■ Directions for this task ■
Each line in the entries below that holds the string "piece" must be copied.

Exercise data Block Start

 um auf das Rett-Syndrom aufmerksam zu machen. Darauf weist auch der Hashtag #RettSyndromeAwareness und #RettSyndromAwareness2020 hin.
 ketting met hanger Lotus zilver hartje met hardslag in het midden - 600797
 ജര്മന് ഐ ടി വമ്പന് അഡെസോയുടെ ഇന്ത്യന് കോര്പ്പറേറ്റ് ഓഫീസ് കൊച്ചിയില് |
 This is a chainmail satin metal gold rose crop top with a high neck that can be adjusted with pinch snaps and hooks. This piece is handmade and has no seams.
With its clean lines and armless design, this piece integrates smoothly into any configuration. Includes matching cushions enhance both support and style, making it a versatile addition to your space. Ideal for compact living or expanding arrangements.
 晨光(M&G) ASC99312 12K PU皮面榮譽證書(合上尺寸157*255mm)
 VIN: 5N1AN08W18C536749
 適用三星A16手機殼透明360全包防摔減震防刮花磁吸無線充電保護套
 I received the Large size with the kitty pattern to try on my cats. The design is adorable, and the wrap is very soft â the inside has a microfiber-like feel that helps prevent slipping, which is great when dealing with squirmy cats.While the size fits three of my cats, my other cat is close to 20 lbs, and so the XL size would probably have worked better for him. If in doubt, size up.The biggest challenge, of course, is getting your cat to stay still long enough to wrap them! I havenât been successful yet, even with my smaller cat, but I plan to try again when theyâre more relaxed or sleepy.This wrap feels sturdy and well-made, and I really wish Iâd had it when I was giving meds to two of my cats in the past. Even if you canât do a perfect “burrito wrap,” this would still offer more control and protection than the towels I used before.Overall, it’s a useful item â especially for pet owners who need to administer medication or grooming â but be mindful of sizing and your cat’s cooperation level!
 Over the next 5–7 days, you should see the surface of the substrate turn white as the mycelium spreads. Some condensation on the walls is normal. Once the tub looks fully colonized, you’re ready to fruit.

Exercise data Block End

■ Expected answer ■
 This is a chainmail satin metal gold rose crop top with a high neck that can be adjusted with pinch snaps and hooks. This piece is handmade and has no seams.
With its clean lines and armless design, this piece integrates smoothly into any configuration. Includes matching cushions enhance both support and style, making it a versatile addition to your space. Ideal for compact living or expanding arrangements.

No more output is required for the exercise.